La repersonnalisation consiste pour moi à me raccrocher au réel, à mon vrai moi intérieur profond. En introspection je m’interroge sur mon identité, ce que je veux faire de ma vie. Je définis un cap, des objectifs et je m’y tiens.
La plénitude intérieure est atteinte par une mécanique mentale d’hygiène morale de vie. Pour cela j’élude les parasites néfastes qui m’entravent et m’étouffent. Je ne me concentre que sur les ferments qui assurent ma paix de l’âme. J’y puise tous les éléments qui nourrissent mon bonheur et entretiennent ma vitalité et ma joie de vivre.
x Niveau d’intensité d’émotion négative d’abattement au moment des faits : 9/10. Un certain temps après : 2/10. En cours de suivi actuellement : 1/10. Niveau d’intensité d’émotion positive de joie de vivre après mon accompagnement, ayant travaillé sur moi-même et allant mieux : 8/10.
– Mes Comportements Positifs Alternatifs Fructueux –
Je fais contre mauvaise fortune bon cœur gardant malgré tout le sourire, faisant bonne figure. Je suis réaliste, pragmatique, j’accepte la situation telle qu’elle est même si elle ne me convient pas et me heurte.
Je ne suis pas diminué ni démuni pour autant. Au lieu de me replier sur moi-même ce qui ne fait que m’enfoncer encore plus en mon marasme. Je persiste à aller vers les autres. Je n’hésite pas à faire part de mes difficultés, cela m’aide, me soulage. J’écoute les difficultés des autres et cela relativise mes propres déboires voyant qu’il peut même y avoir pire que moi. Je ne suis pas le seul à souffrir ! Je ne fais pas subir à autrui mes déconvenues, il n’y est pour rien.

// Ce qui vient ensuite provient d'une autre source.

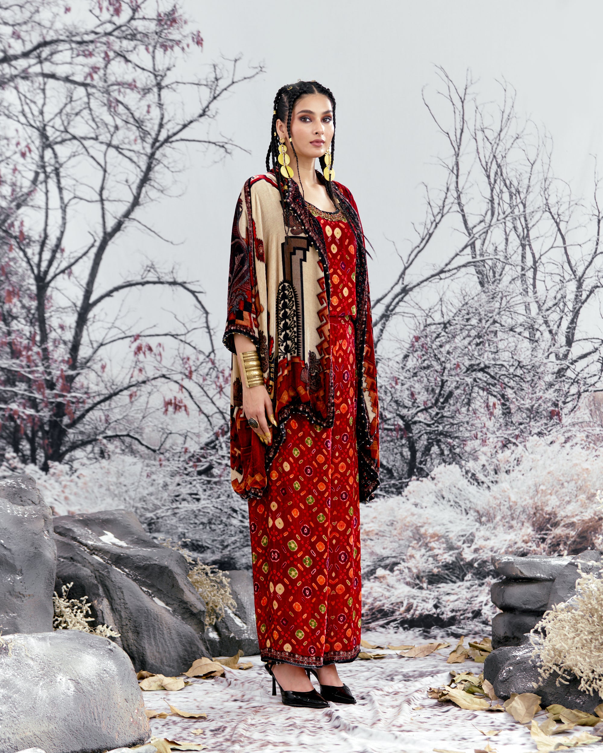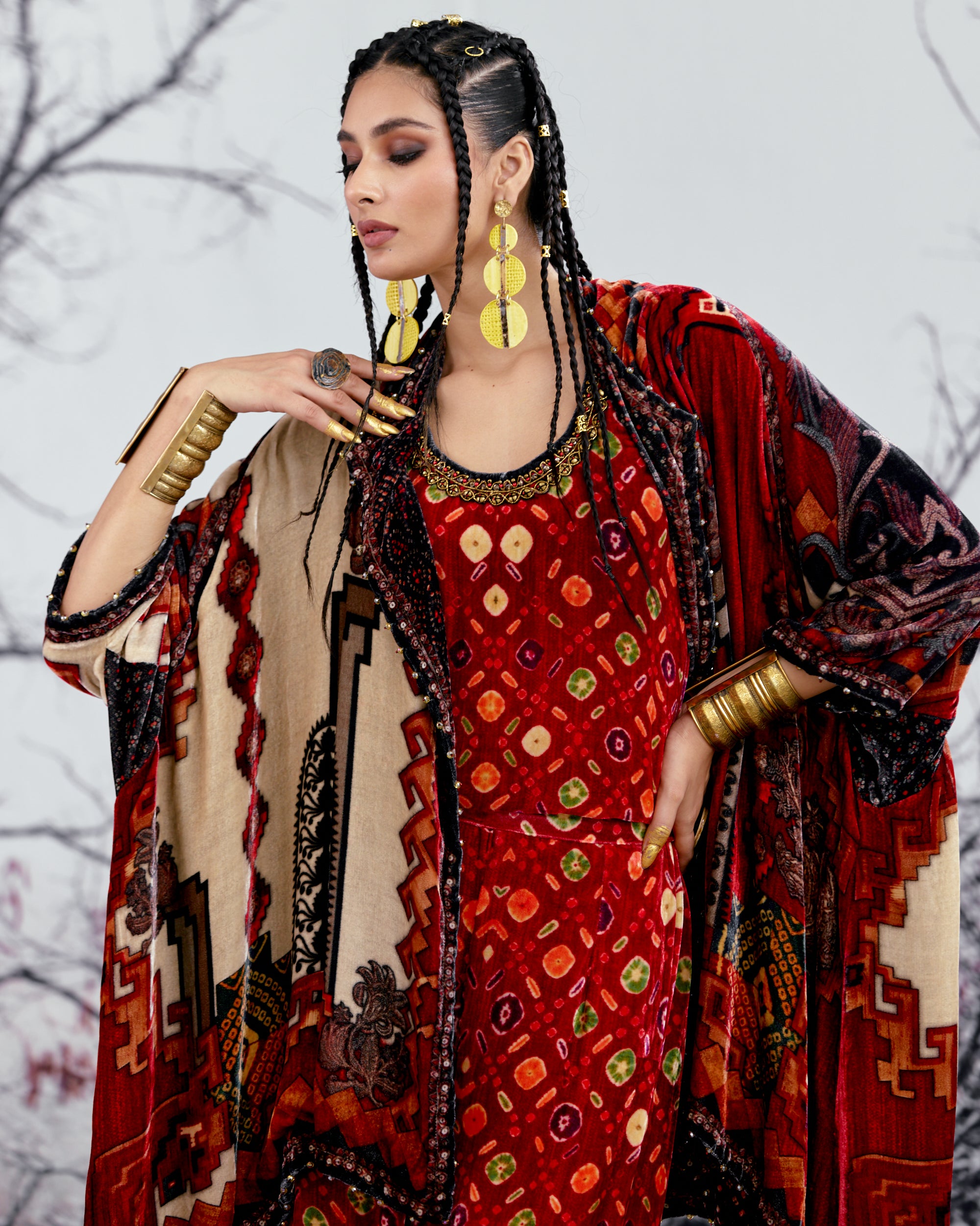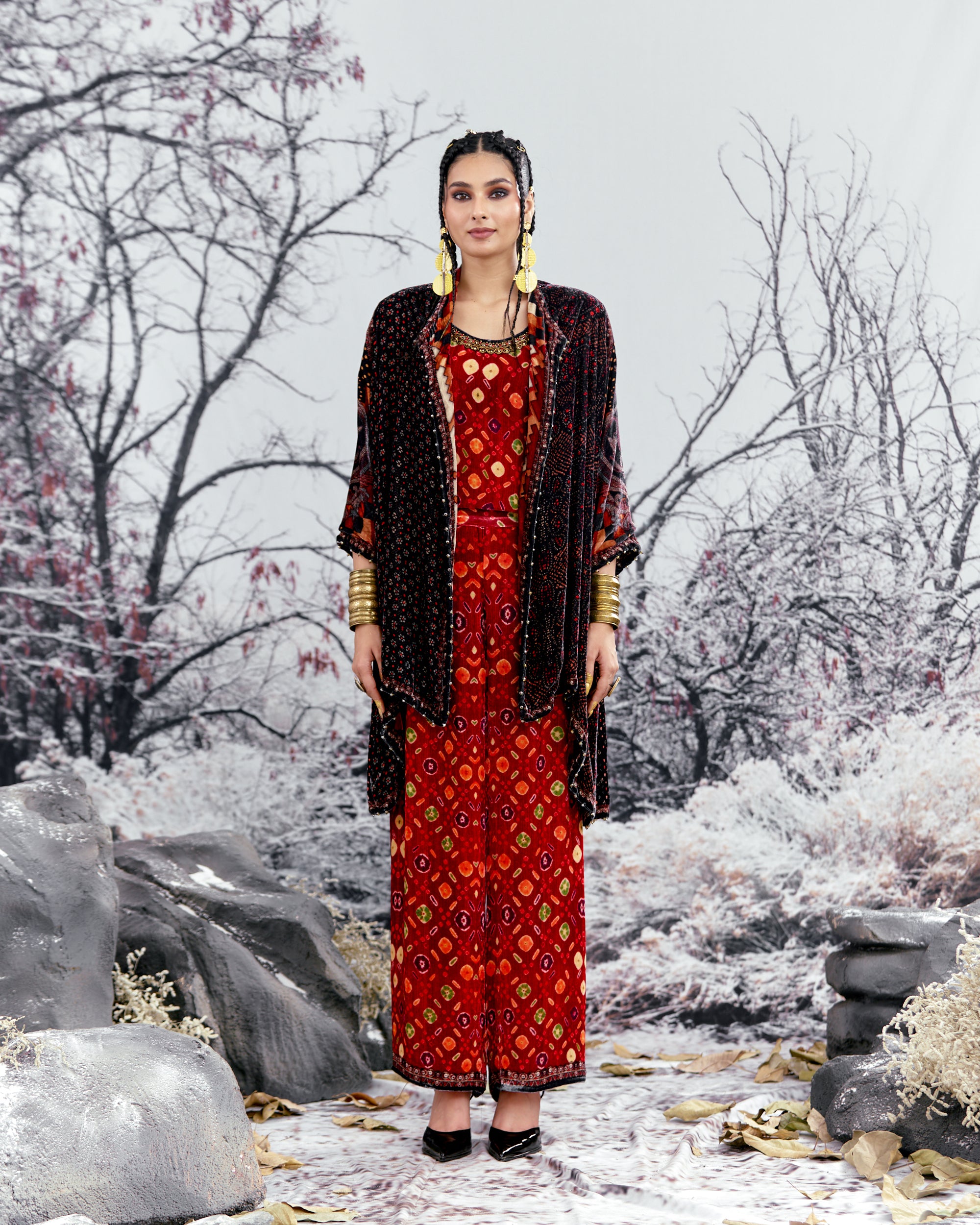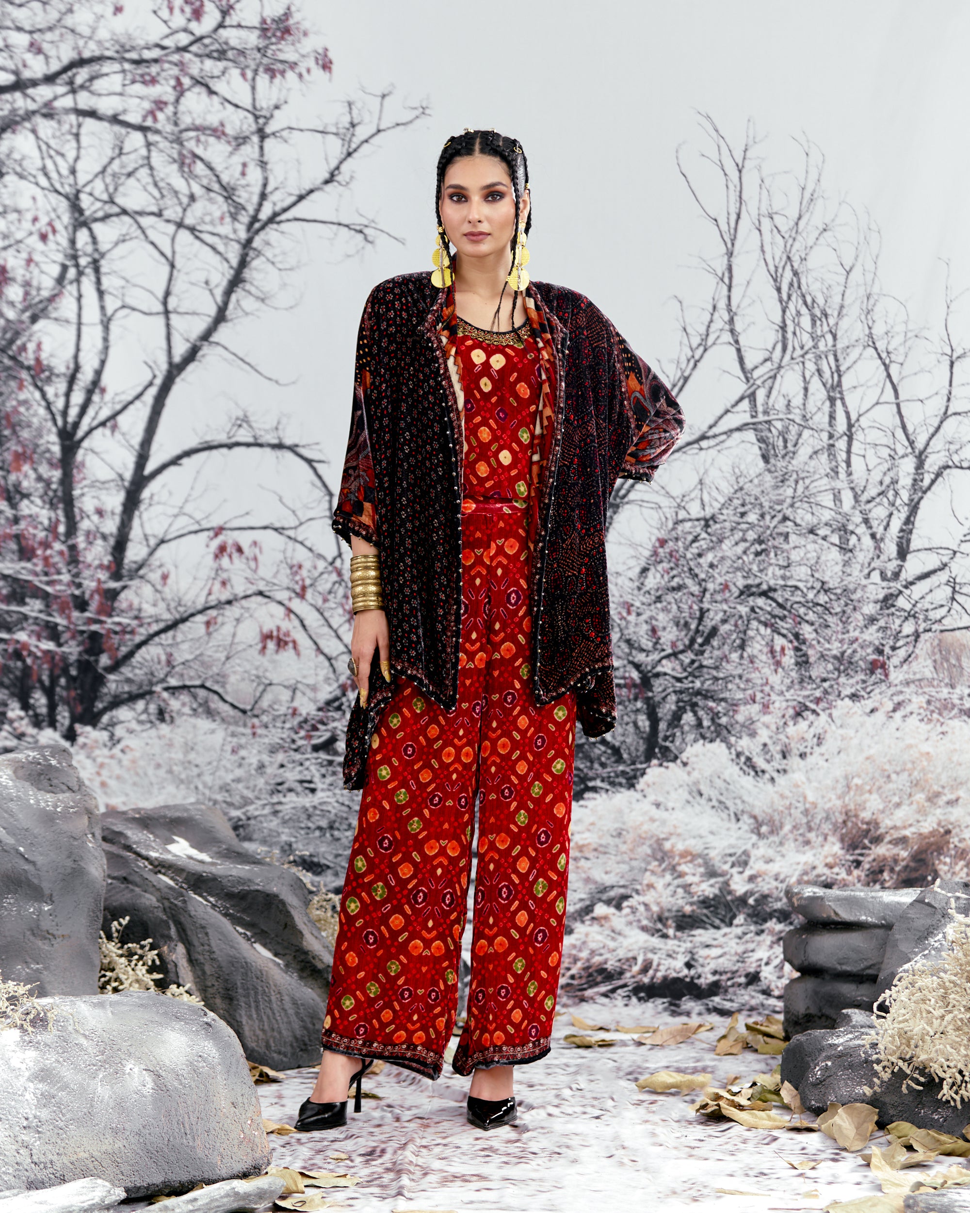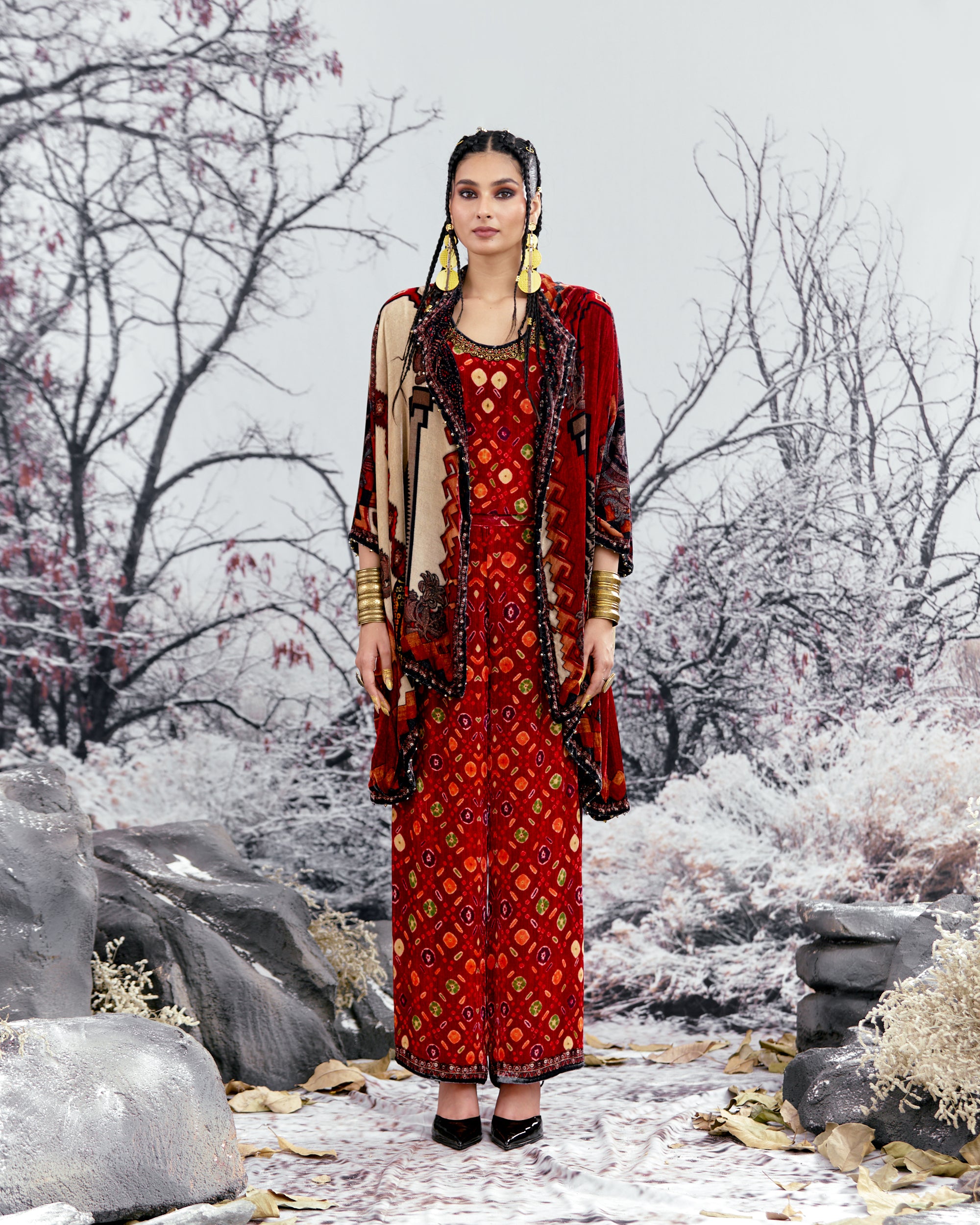 The Adhira draped coverup is a free size open jacket that is also reversible with a contrast coordinating print inside out.

Je ne suis pas enchaîné mais libre et apte à m’en sortir. Je me bats pour régler mes problèmes positivement, tel est le début de ma « guérison ». Au lieu de me punir et de punir les autres en restant rageusement coupé du monde je conserve une vie sociale accomplie. Car comme humain je suis un être social et sociable. Je ne peux vivre ni sans ni contre les autres mais avec et pour eux pour mon équilibre et le leur !
– Mon Nouvel Atout Maître Bienfaisant –
# Ma vraie nature est mon bonheur de vivre envers et contre tout en dépit des coups du quotidien, grâce à eux même. Au lieu de me tuer mes marasmes me renforcent. Mes bénédictions existentielles sont ma joie quotidienne. Je sais toujours les savourer à leur juste valeur. En « mes béatitudes et mes malheurs » je rends grâce de ma chance d’être sans maudire ni médire du sort quel qu’il puisse être. En véritable gage de félicité inconditionnelle et éternelle ».